GR-α is the predominant isoform of glucocorticoid receptors to which glucocorticoids bind to exert anti-inflammatory and immunosuppressive actions. GR-α expression has been measured in a number of inflammatory disorders and may play a major role in the impaired inflammation response associated with these diseases.31, 32 More importantly, recent studies have shown that impaired HPA axis activity may be associated with glucocorticoid resistance.20 In this study, the GR-α expression was significantly downregulated in the animals that received CS treatment. Further analysis of the mechanisms responsible for this response show that GR-α siRNA administration significantly enhanced Akt phosphorylation and thus promoted TLR4 transcription. GR-α silencing also promoted LPS-induced NF-κB activation and increased the secretion of IL-1β, IL-6 and IL-8. GR-α overexpression markedly decreased the changes brought about by LPS. Interestingly, we found that CS accelerated the inflammatory reaction only under conditions where periodontitis was present and did not induce inflammatory reactions under other conditions. This may because of the fact that balance of the immune system is more easily disrupted when disease is present, or there may be other pathways that take part in the GR-α-mediated phosphorylation of Akt. These possibilities will be further investigated in our future studies.

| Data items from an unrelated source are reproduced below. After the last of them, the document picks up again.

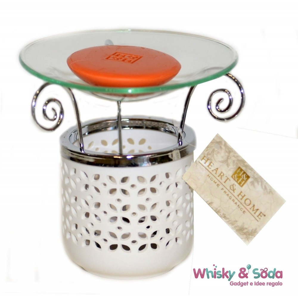 BRUCIATORE HEART & HOME Ceramica Bianca e Piattino Vetro
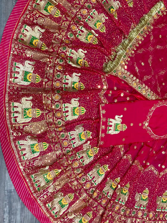 Red color Fendi Silk Premium quality Rajputi Poshak with fancy sequence Work-91693
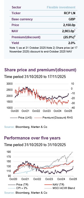 High-conviction thematic exposure in its more concentrated quoted equities pillar continues to play out with good results from China and Japan, as well as European defence and aerospace. Meanwhile, its uncorrelated strategies portfolio provides a layer of diversification and downside protection. As diversification comes back into focus across markets, RIT’s multi-asset structure positions it to benefit from a renewed appetite for broader exposure.
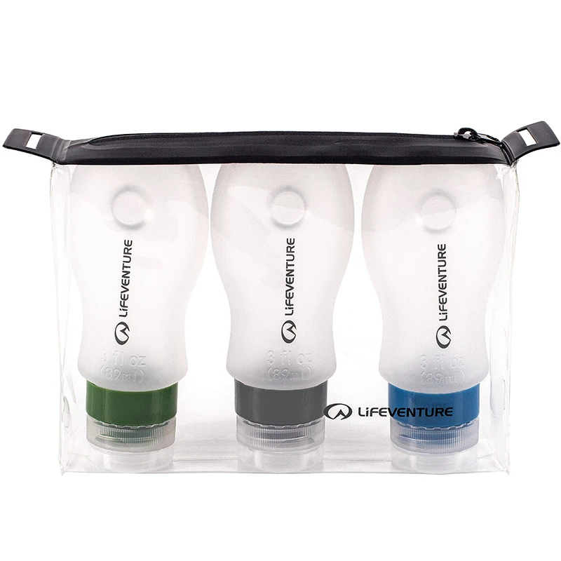 Lifeventure Silicon Bottle Set: cestovní sada lahviček vhodná do letadla. Sada splňuje požadavky pro leteckou dopravu. Lahvičky jsou barevně rozlišené pro lepší přehled. Dodáváno v průhledném obalu.
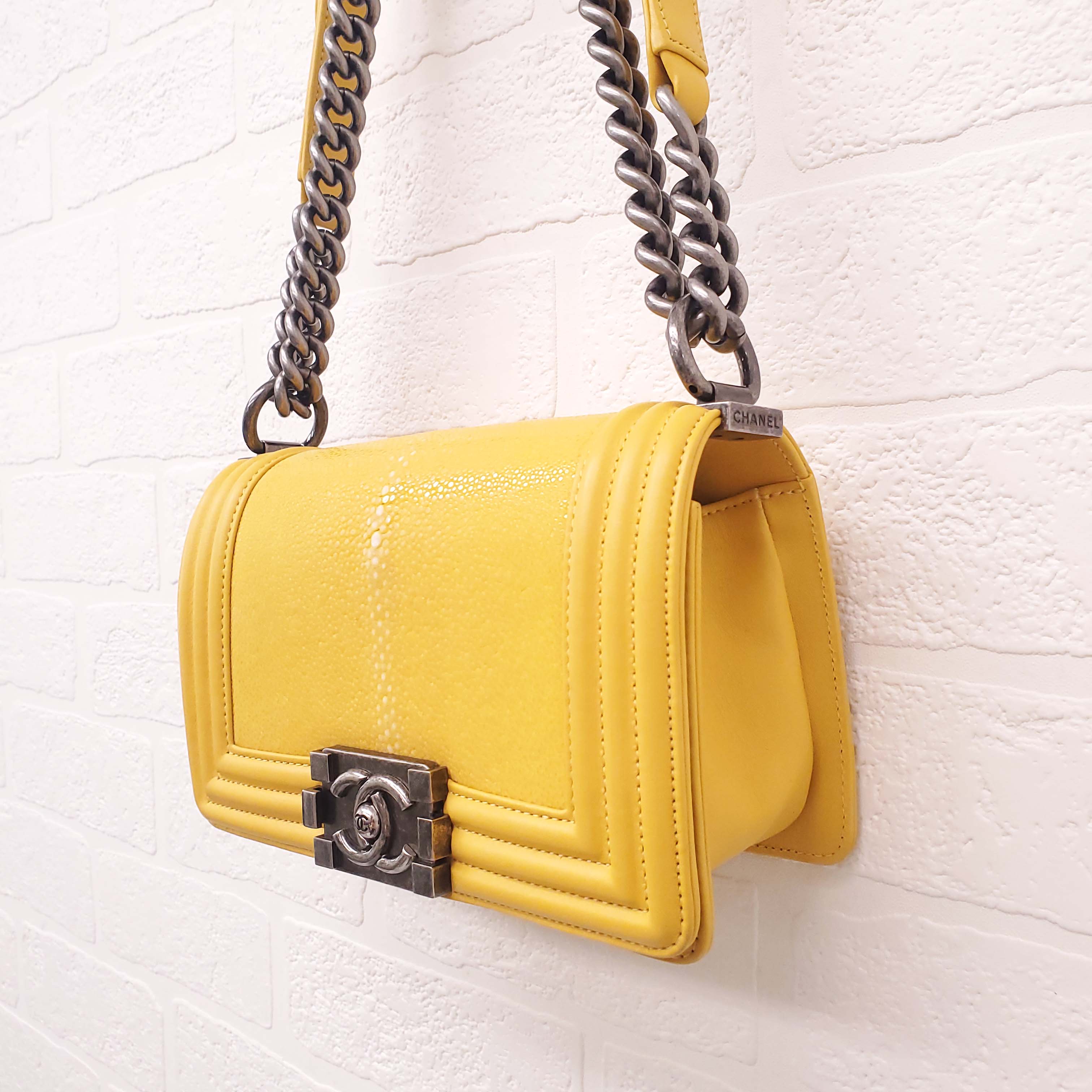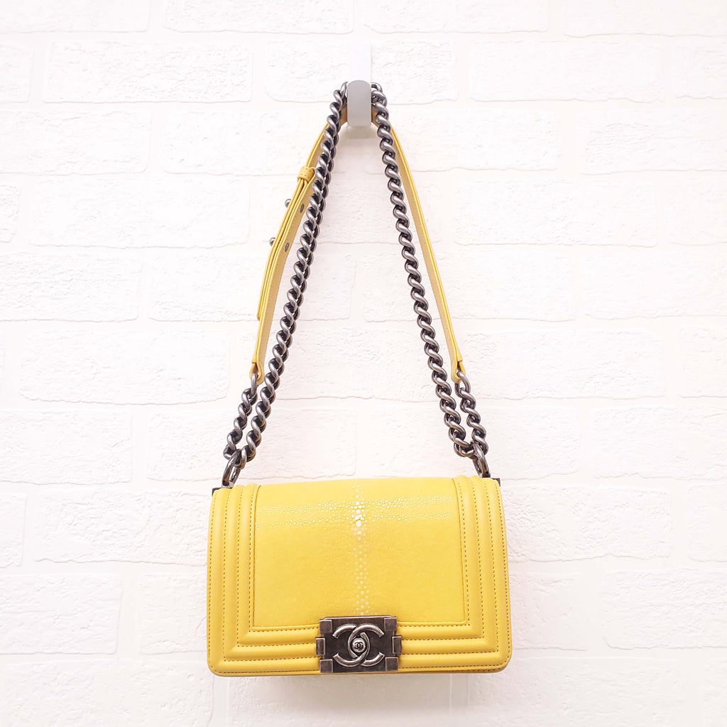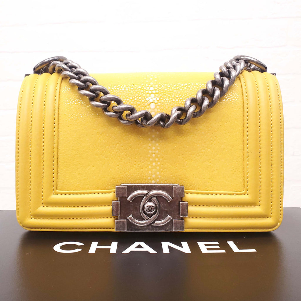 CHANEL BRIGHT YELLOW STINGRAY BOY BAG
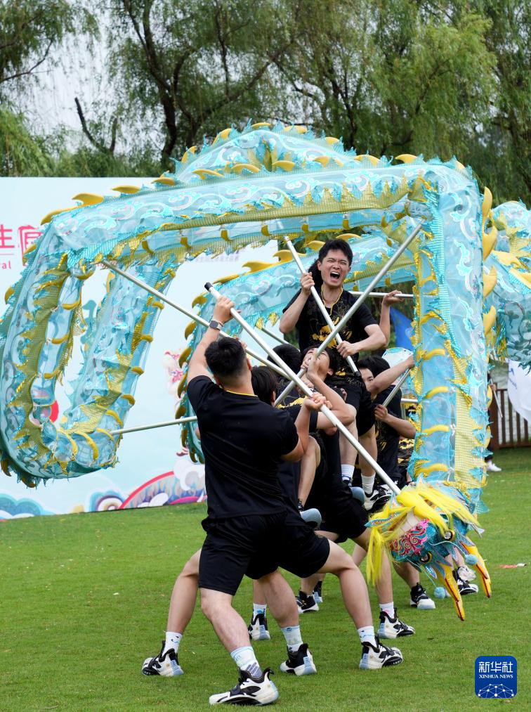 6月10日,参赛选手在龙狮赛高校组的比赛中。

In conclusion, the present study demonstrated a more effective animal model for studying periodontal disease in association with chronic stress and confirmed that CS treatment accelerates the inflammatory response and tooth damage cause by periodontitis. Analysis of the mechanism responsible for this response showed that CS may accelerate the progression of periodontitis through effects on GR-α signaling pathways. Thus, our study provides novel insight into the mechanism by which CS accelerates the pathological progression of periodontitis and may facilitate the development of a therapeutic strategy, such as GR-α-regulating drugs for patients with both CS and periodontal disease.